▶ [WORK ITEM]: Note on the material below: return exactly the lines from the line that holds "Для нашего первого" through the line that holds "Строим кварталы для", and leave out each picture.

▶ [DATA FOR THIS TASK]:
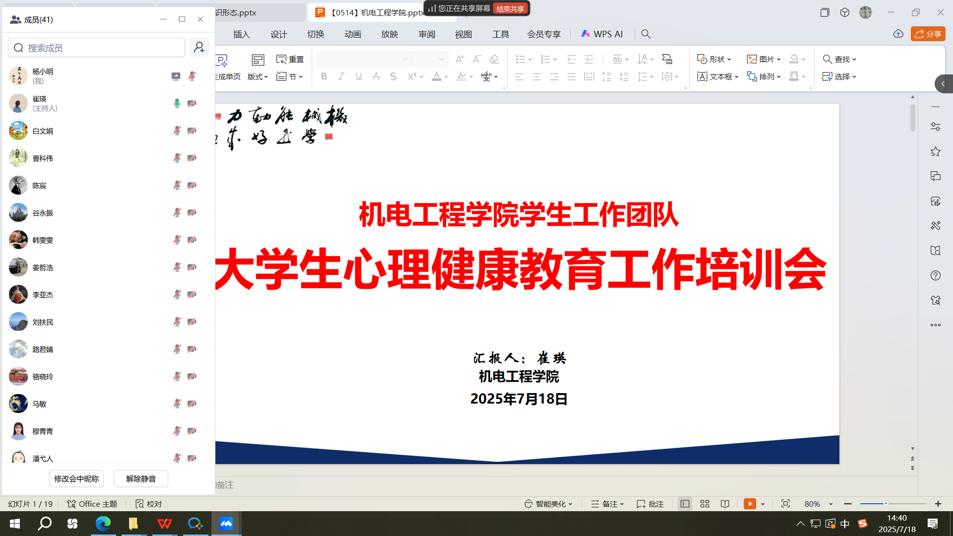 为持续夯实学生心理健康教育工作基础,凝聚育人合力,718日,机电工程学院以线上会议的形式召开班主任、辅导员心理工作专题会。会议由学院心理工作站站长崔瑛主持,学院党委副书记兼副院长杨小明、学院班主任和辅导员参与,围绕本学期心理健康教育工作复盘、暑期学习资源分享等内容展开交流。
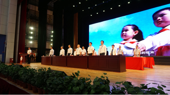 大会在庄严的国歌声中拉开序幕。
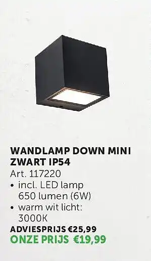 De prijs van WANDLAMP DOWN MINI ZWART IP54 kan u vinden bovenaan de pagina, waarbij ook de geldigheidsdata worden genoemd. Daarnaast is de prijs ook te vinden in de huidige Zelfbouwmarkt folder of op de website van Zelfbouwmarkt. U bent verzekerd van producten aan de laagste prijs bij Zelfbouwmarkt als u artikelen in promotie koopt.
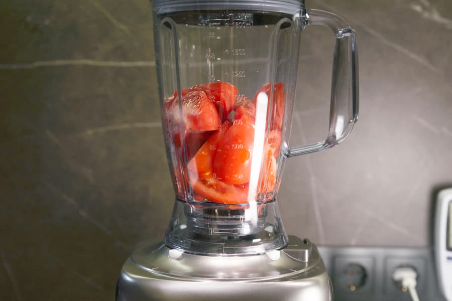 Для нашего первого традиционного теста мы разрезали томаты на 4-6 частей и сложили их в кувшин блендера.
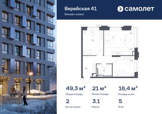 Строим кварталы для жизни с заботой о будущем. Предлагается 2-комнатная квартира бизнес-класса 49,28 кв.м в корпусе 3.1 на 5 этаже, в "Верейская 41"
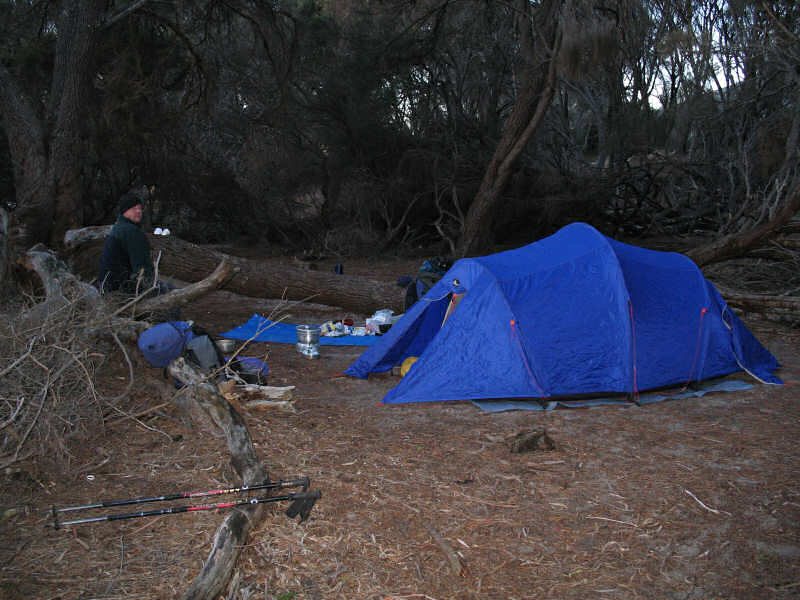 Arriving at Hazards Beach campsite at about 4pm, we set up the tent in a perfect setting, close to the beach, a level site with a sandy base and cooked an easy curry meal with a hot chocolate drink.
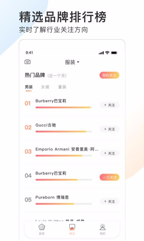 5、快速关注自己喜欢的品牌,使用品牌标签上的关注功能一键将品牌关注;

▶ [SOLUTION TO THE PROBLEM]:
 Для нашего первого традиционного теста мы разрезали томаты на 4-6 частей и сложили их в кувшин блендера.
 Строим кварталы для жизни с заботой о будущем. Предлагается 2-комнатная квартира бизнес-класса 49,28 кв.м в корпусе 3.1 на 5 этаже, в "Верейская 41"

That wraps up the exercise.